WHAT THIS TASK INVOLVES: In your reply, print every line of the listing exactly and omit all images.

DATA SUPPLIED:
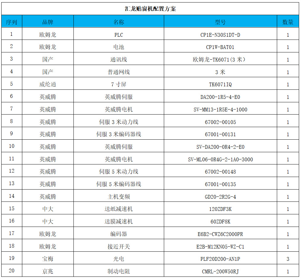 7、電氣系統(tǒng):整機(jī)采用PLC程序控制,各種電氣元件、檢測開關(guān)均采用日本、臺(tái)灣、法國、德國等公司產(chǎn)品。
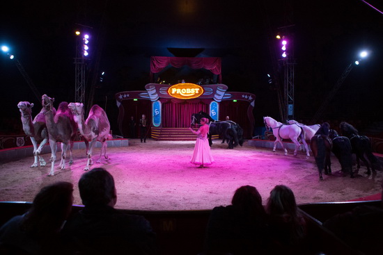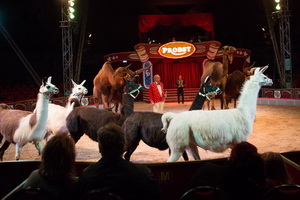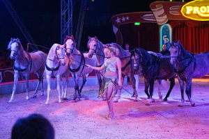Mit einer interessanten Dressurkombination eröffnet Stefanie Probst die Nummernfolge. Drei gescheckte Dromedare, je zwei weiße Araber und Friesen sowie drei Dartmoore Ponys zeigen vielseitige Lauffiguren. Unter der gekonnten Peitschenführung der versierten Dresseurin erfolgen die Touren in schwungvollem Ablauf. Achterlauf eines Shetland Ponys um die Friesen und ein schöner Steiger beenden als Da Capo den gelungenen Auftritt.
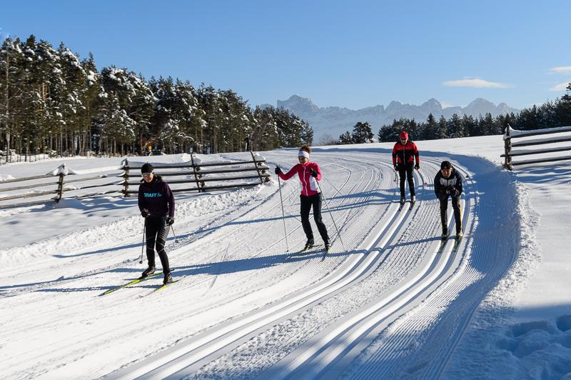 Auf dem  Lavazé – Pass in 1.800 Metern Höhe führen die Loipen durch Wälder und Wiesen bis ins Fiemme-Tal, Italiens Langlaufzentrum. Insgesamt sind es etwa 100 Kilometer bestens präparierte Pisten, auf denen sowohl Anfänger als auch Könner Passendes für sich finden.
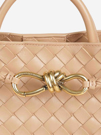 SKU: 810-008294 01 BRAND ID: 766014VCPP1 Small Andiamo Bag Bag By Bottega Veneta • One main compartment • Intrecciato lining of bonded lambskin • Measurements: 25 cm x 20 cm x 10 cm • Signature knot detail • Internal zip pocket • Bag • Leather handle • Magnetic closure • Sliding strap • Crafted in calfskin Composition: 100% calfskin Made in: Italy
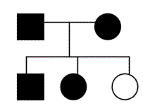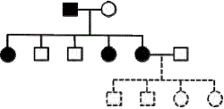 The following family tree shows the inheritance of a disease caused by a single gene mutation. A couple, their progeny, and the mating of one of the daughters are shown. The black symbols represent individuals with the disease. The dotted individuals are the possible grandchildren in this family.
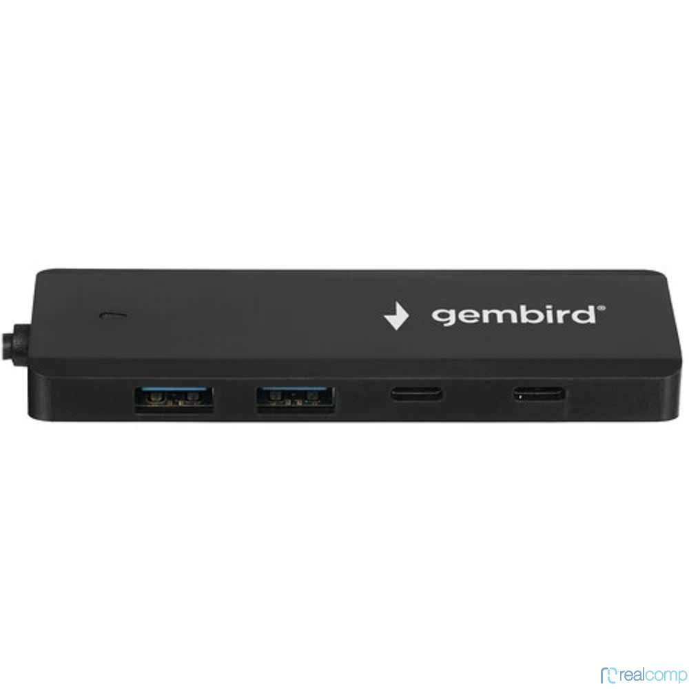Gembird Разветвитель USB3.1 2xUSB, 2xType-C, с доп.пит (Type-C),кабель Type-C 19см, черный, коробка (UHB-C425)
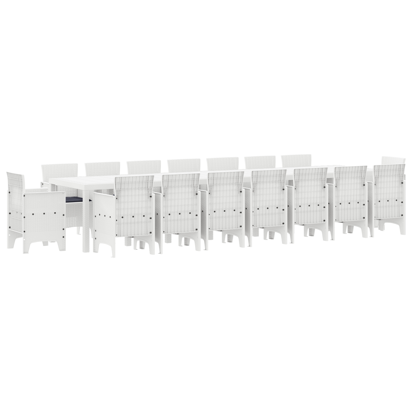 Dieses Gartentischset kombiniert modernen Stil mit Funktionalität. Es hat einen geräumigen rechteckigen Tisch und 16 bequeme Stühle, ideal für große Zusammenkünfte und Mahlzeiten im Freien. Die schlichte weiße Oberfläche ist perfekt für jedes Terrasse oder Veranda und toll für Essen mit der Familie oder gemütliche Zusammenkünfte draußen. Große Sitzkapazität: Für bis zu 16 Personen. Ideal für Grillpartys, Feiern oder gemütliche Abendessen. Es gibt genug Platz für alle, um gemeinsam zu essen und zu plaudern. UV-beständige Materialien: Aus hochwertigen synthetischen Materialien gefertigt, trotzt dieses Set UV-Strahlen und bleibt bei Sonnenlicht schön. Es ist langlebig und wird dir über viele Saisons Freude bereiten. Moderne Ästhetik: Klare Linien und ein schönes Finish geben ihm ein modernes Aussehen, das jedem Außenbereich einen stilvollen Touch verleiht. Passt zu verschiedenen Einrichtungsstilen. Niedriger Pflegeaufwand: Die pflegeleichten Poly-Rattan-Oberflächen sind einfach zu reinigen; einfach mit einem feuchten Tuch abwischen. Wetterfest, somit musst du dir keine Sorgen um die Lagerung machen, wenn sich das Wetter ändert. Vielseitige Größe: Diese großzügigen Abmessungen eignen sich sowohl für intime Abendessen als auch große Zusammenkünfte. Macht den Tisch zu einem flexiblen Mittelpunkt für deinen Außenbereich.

OUTPUT OF THE TASK:
 7、電氣系統(tǒng):整機(jī)采用PLC程序控制,各種電氣元件、檢測開關(guān)均采用日本、臺(tái)灣、法國、德國等公司產(chǎn)品。
Mit einer interessanten Dressurkombination eröffnet Stefanie Probst die Nummernfolge. Drei gescheckte Dromedare, je zwei weiße Araber und Friesen sowie drei Dartmoore Ponys zeigen vielseitige Lauffiguren. Unter der gekonnten Peitschenführung der versierten Dresseurin erfolgen die Touren in schwungvollem Ablauf. Achterlauf eines Shetland Ponys um die Friesen und ein schöner Steiger beenden als Da Capo den gelungenen Auftritt.
 Auf dem  Lavazé – Pass in 1.800 Metern Höhe führen die Loipen durch Wälder und Wiesen bis ins Fiemme-Tal, Italiens Langlaufzentrum. Insgesamt sind es etwa 100 Kilometer bestens präparierte Pisten, auf denen sowohl Anfänger als auch Könner Passendes für sich finden.
 SKU: 810-008294 01 BRAND ID: 766014VCPP1 Small Andiamo Bag Bag By Bottega Veneta • One main compartment • Intrecciato lining of bonded lambskin • Measurements: 25 cm x 20 cm x 10 cm • Signature knot detail • Internal zip pocket • Bag • Leather handle • Magnetic closure • Sliding strap • Crafted in calfskin Composition: 100% calfskin Made in: Italy
 The following family tree shows the inheritance of a disease caused by a single gene mutation. A couple, their progeny, and the mating of one of the daughters are shown. The black symbols represent individuals with the disease. The dotted individuals are the possible grandchildren in this family.
Gembird Разветвитель USB3.1 2xUSB, 2xType-C, с доп.пит (Type-C),кабель Type-C 19см, черный, коробка (UHB-C425)
 Dieses Gartentischset kombiniert modernen Stil mit Funktionalität. Es hat einen geräumigen rechteckigen Tisch und 16 bequeme Stühle, ideal für große Zusammenkünfte und Mahlzeiten im Freien. Die schlichte weiße Oberfläche ist perfekt für jedes Terrasse oder Veranda und toll für Essen mit der Familie oder gemütliche Zusammenkünfte draußen. Große Sitzkapazität: Für bis zu 16 Personen. Ideal für Grillpartys, Feiern oder gemütliche Abendessen. Es gibt genug Platz für alle, um gemeinsam zu essen und zu plaudern. UV-beständige Materialien: Aus hochwertigen synthetischen Materialien gefertigt, trotzt dieses Set UV-Strahlen und bleibt bei Sonnenlicht schön. Es ist langlebig und wird dir über viele Saisons Freude bereiten. Moderne Ästhetik: Klare Linien und ein schönes Finish geben ihm ein modernes Aussehen, das jedem Außenbereich einen stilvollen Touch verleiht. Passt zu verschiedenen Einrichtungsstilen. Niedriger Pflegeaufwand: Die pflegeleichten Poly-Rattan-Oberflächen sind einfach zu reinigen; einfach mit einem feuchten Tuch abwischen. Wetterfest, somit musst du dir keine Sorgen um die Lagerung machen, wenn sich das Wetter ändert. Vielseitige Größe: Diese großzügigen Abmessungen eignen sich sowohl für intime Abendessen als auch große Zusammenkünfte. Macht den Tisch zu einem flexiblen Mittelpunkt für deinen Außenbereich.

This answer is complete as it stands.